● Description of the task
Would you return exactly the lines below from the line with "Stuhr – (ps)." through the line with "全國人大代表扎西江村在準備參會時穿的民族服飾。", both included, and nothing else, leaving out the pictures?

[Records contained in a dataset]
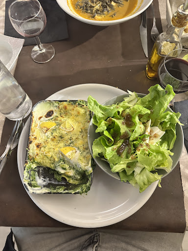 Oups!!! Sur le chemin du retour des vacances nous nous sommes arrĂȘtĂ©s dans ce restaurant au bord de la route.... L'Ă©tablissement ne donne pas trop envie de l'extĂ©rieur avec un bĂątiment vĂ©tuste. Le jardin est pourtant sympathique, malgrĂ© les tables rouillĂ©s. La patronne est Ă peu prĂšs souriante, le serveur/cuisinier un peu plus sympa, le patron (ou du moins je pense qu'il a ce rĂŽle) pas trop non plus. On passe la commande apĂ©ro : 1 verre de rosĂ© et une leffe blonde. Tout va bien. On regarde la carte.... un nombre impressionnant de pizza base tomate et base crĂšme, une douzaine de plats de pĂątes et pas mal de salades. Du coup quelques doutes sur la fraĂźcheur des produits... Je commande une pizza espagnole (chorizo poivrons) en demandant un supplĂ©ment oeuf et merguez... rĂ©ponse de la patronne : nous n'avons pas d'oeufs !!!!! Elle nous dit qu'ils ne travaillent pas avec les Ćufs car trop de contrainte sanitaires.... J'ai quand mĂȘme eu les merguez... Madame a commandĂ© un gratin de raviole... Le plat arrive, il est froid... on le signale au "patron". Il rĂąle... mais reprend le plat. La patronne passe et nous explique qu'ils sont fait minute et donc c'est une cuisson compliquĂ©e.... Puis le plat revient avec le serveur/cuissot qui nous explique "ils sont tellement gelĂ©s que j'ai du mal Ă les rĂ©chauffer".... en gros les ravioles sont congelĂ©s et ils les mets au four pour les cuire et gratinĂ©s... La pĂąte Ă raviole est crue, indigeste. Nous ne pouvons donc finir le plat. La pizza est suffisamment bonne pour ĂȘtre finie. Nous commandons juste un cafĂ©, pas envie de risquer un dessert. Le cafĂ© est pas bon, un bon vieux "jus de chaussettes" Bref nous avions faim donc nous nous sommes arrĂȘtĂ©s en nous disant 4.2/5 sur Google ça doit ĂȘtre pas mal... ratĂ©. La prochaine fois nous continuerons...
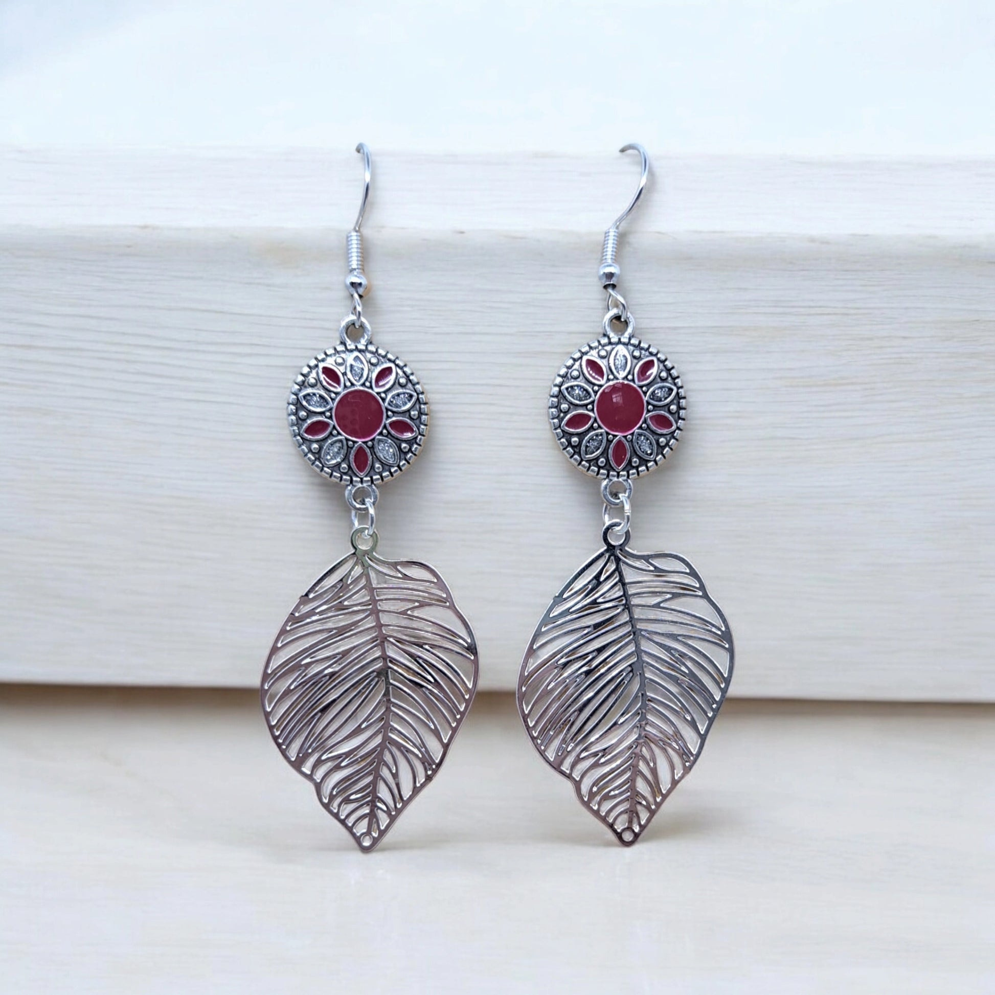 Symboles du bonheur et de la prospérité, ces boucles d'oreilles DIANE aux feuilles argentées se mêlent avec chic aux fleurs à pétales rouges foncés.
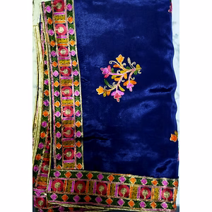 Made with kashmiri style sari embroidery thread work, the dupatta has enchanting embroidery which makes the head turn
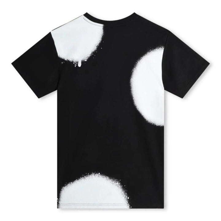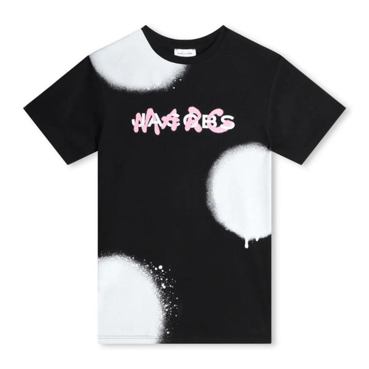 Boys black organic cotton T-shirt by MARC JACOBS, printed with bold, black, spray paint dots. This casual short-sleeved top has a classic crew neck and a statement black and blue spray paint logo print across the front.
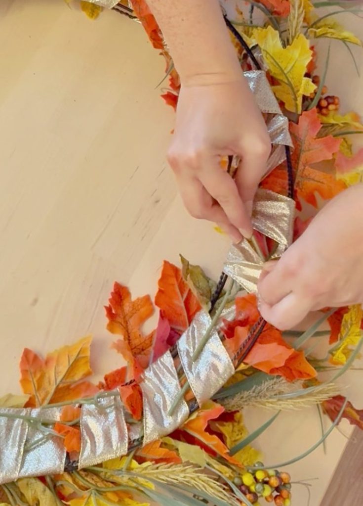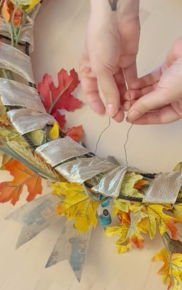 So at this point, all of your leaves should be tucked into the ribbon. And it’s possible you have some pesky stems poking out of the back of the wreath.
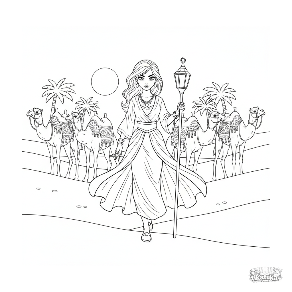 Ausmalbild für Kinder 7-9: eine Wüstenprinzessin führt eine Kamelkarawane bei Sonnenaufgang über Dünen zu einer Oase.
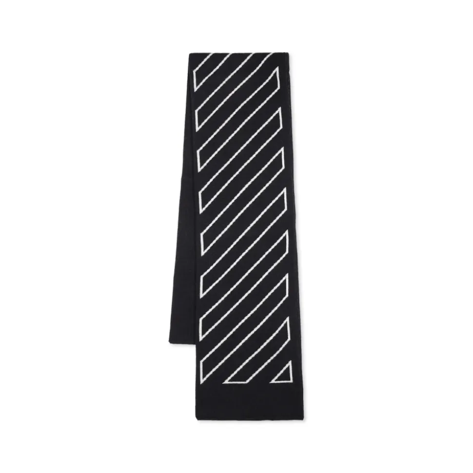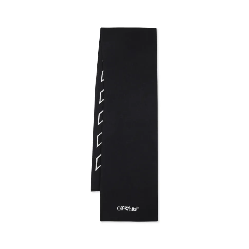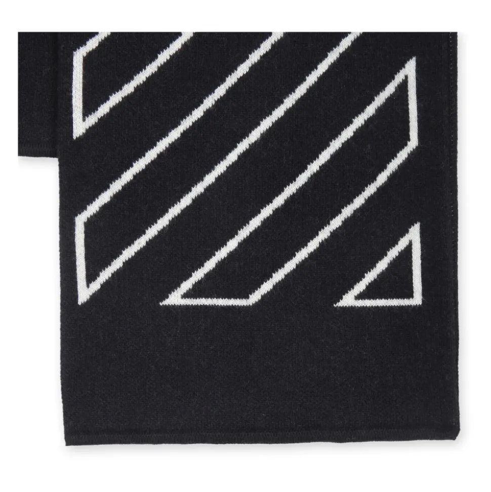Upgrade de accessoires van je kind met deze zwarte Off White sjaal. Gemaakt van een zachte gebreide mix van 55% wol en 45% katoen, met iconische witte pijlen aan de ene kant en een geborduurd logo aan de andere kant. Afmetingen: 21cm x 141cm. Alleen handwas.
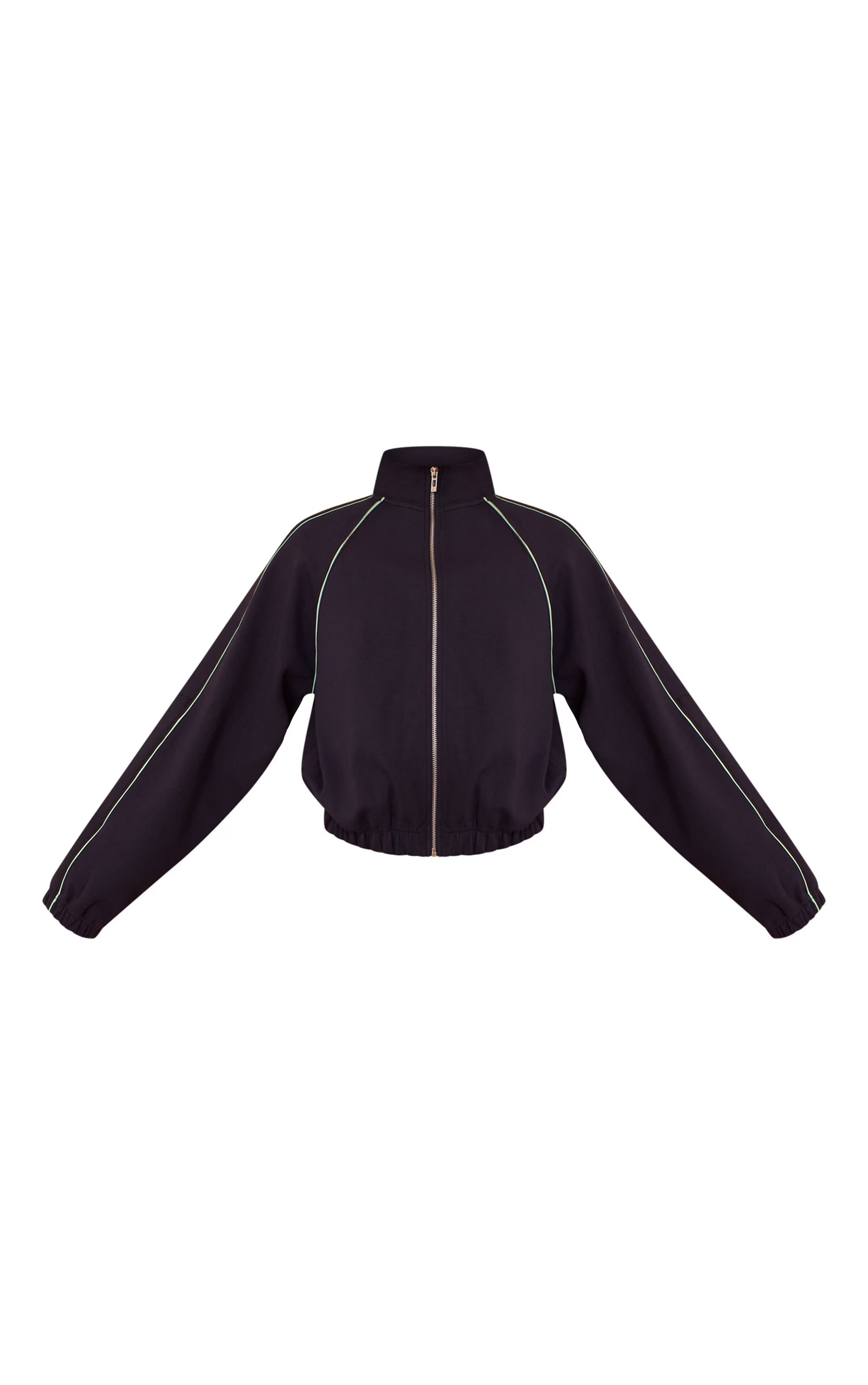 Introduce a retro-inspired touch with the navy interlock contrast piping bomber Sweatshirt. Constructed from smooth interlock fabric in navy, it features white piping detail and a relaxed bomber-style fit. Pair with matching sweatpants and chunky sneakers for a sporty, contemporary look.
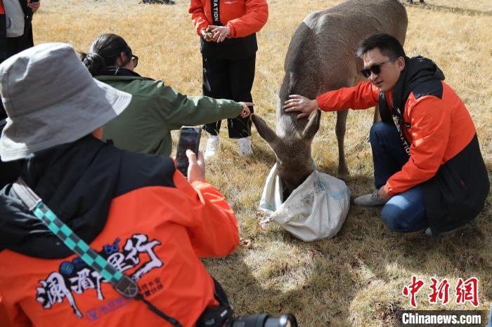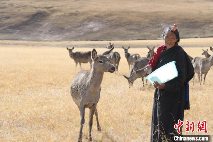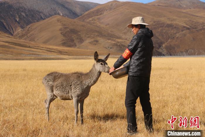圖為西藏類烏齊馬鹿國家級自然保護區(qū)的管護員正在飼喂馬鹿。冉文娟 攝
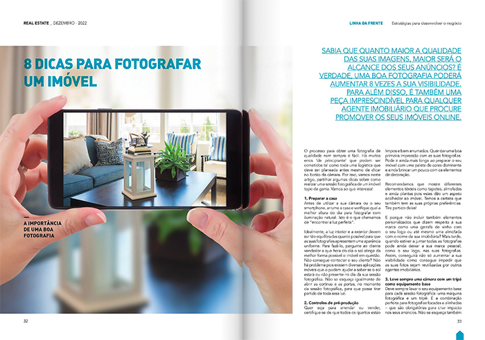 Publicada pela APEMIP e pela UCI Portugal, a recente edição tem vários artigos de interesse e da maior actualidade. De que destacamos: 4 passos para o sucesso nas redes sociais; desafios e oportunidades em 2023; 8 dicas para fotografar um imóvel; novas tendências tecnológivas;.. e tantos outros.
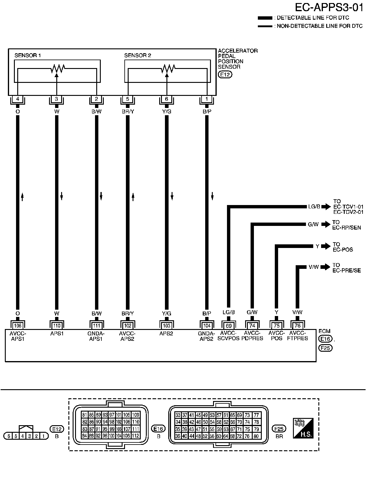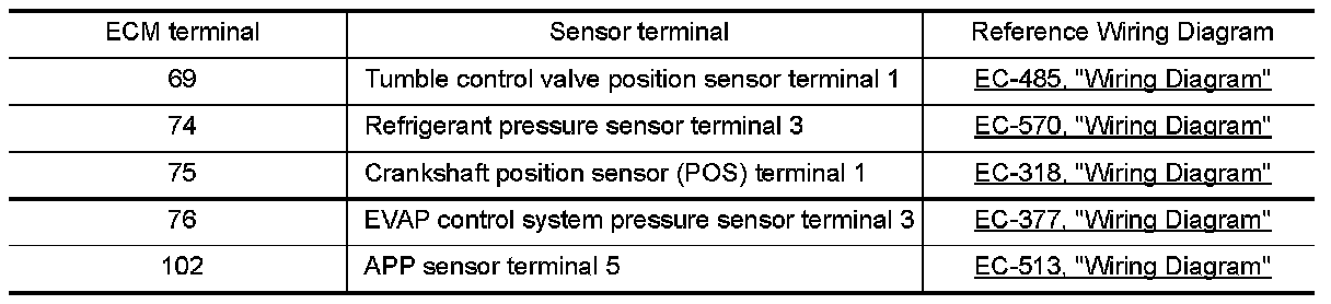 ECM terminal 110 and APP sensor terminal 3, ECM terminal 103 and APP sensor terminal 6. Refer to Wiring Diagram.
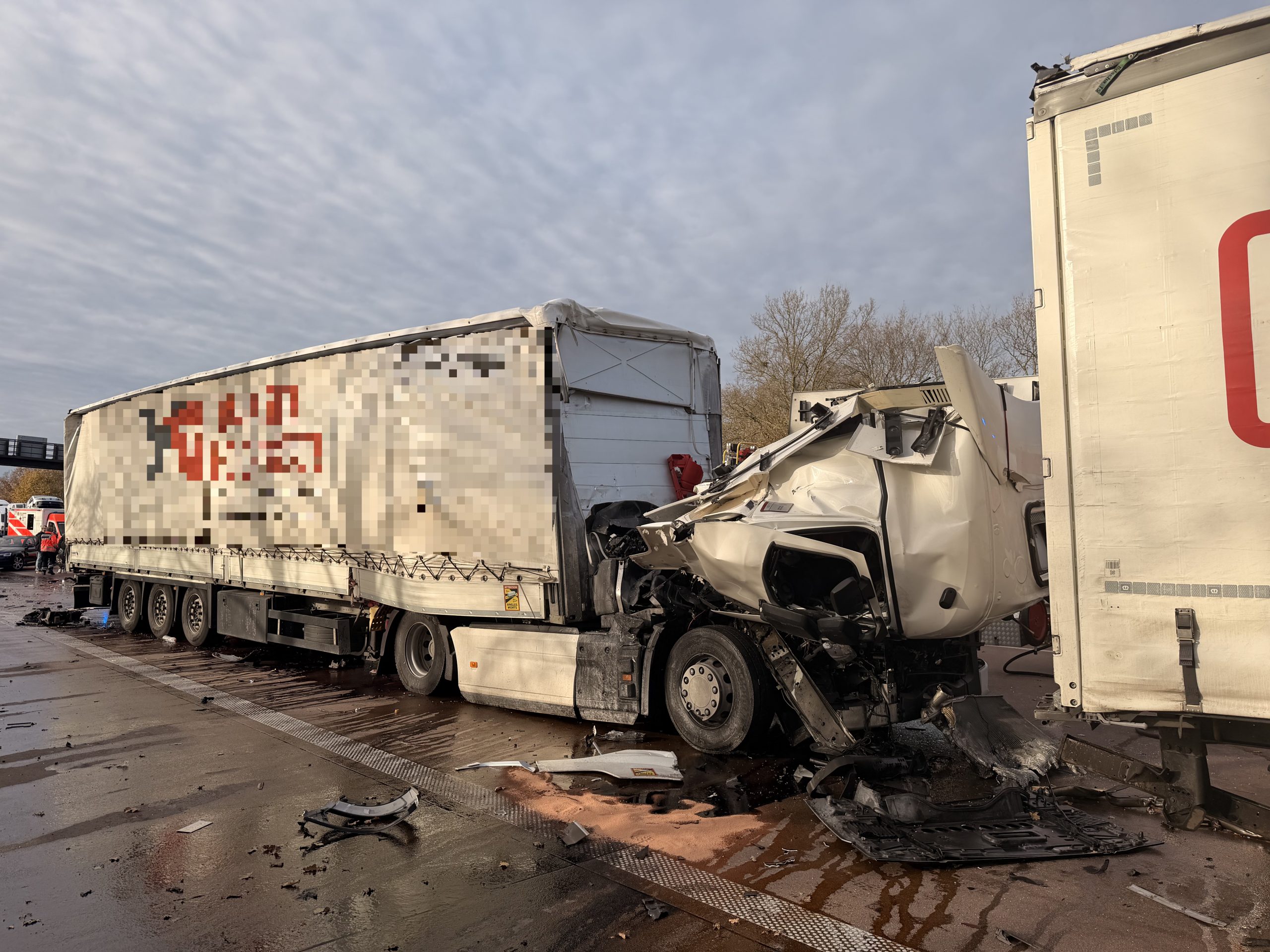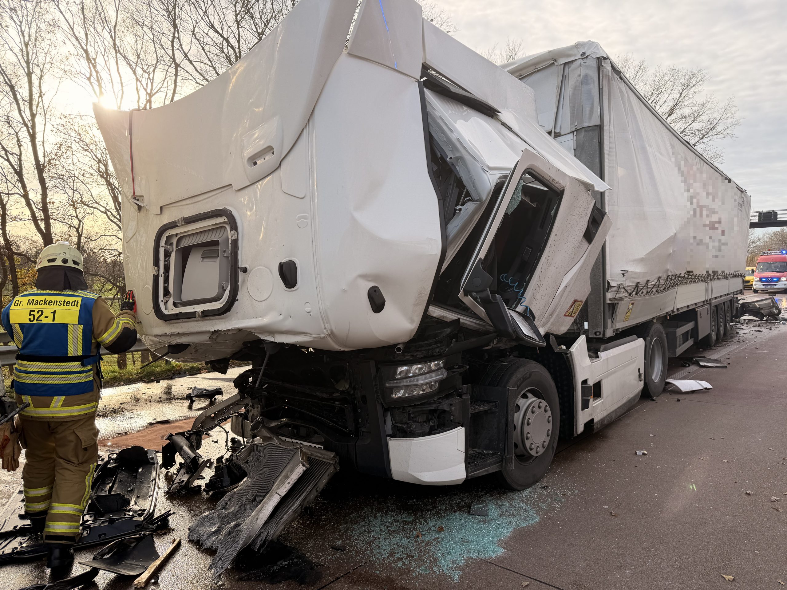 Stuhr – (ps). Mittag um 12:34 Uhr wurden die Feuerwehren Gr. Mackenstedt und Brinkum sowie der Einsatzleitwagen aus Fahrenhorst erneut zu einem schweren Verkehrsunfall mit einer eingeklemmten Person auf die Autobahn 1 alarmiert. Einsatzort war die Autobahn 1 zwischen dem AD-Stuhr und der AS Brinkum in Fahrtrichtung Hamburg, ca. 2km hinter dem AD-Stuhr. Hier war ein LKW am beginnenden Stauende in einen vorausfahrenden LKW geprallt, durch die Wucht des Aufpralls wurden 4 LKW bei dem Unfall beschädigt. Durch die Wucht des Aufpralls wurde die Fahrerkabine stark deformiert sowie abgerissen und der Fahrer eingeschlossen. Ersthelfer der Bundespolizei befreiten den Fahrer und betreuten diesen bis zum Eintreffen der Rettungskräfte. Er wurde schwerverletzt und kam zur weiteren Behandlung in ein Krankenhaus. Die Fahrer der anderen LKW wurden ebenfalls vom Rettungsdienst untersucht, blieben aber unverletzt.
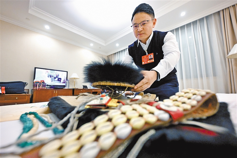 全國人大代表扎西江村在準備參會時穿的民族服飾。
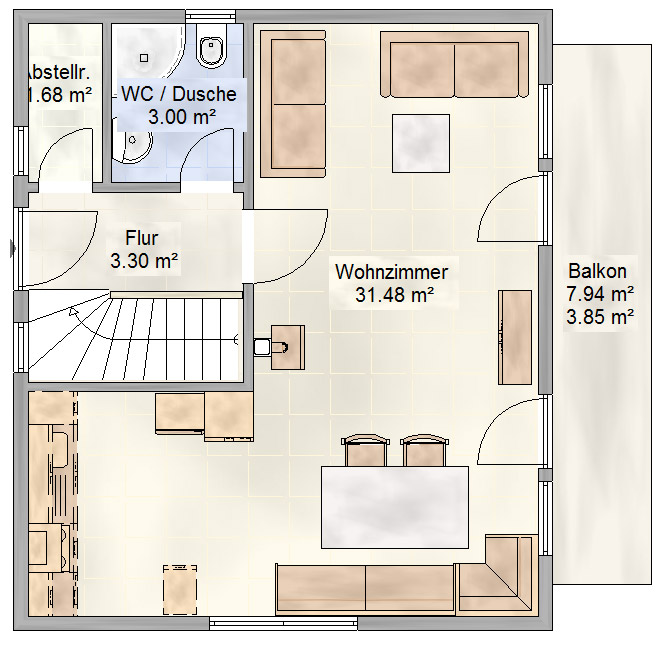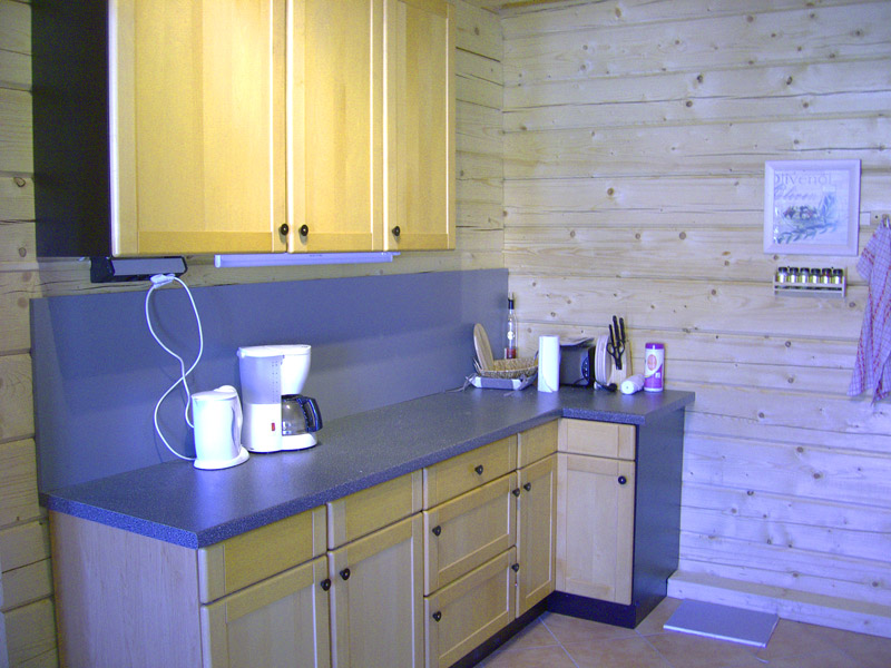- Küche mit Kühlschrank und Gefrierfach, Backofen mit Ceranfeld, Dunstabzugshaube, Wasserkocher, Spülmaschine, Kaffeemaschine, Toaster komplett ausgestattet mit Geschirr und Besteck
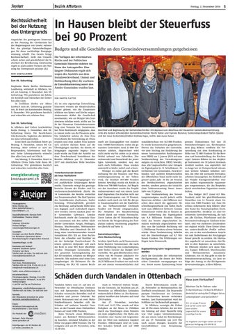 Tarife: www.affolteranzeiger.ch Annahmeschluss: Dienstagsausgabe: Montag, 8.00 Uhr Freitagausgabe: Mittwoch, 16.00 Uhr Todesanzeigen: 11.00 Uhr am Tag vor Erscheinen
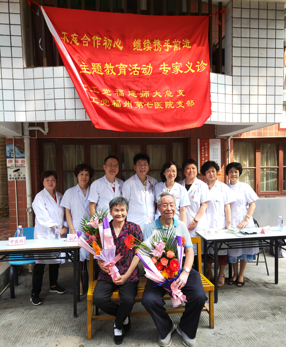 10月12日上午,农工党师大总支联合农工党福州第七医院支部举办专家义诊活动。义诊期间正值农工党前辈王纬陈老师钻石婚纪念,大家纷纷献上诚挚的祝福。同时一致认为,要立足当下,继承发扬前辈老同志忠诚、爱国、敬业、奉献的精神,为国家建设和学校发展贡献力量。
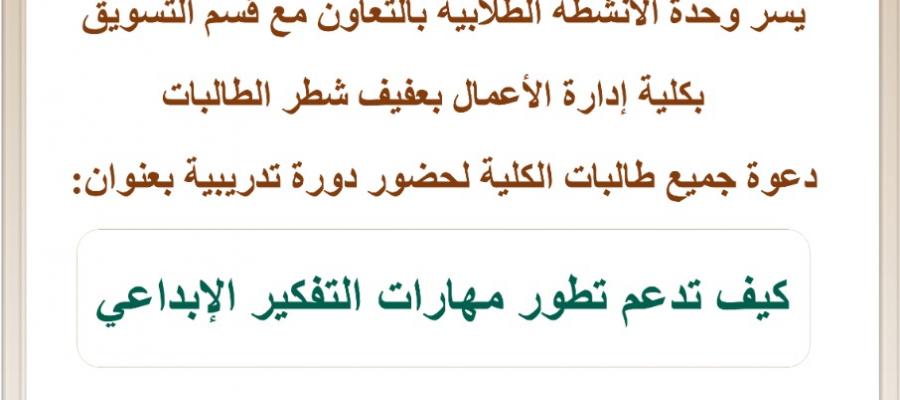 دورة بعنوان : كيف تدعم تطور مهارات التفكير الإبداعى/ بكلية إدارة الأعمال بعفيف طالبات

● Completed exercise
 Stuhr – (ps). Mittag um 12:34 Uhr wurden die Feuerwehren Gr. Mackenstedt und Brinkum sowie der Einsatzleitwagen aus Fahrenhorst erneut zu einem schweren Verkehrsunfall mit einer eingeklemmten Person auf die Autobahn 1 alarmiert. Einsatzort war die Autobahn 1 zwischen dem AD-Stuhr und der AS Brinkum in Fahrtrichtung Hamburg, ca. 2km hinter dem AD-Stuhr. Hier war ein LKW am beginnenden Stauende in einen vorausfahrenden LKW geprallt, durch die Wucht des Aufpralls wurden 4 LKW bei dem Unfall beschädigt. Durch die Wucht des Aufpralls wurde die Fahrerkabine stark deformiert sowie abgerissen und der Fahrer eingeschlossen. Ersthelfer der Bundespolizei befreiten den Fahrer und betreuten diesen bis zum Eintreffen der Rettungskräfte. Er wurde schwerverletzt und kam zur weiteren Behandlung in ein Krankenhaus. Die Fahrer der anderen LKW wurden ebenfalls vom Rettungsdienst untersucht, blieben aber unverletzt.
 全國人大代表扎西江村在準備參會時穿的民族服飾。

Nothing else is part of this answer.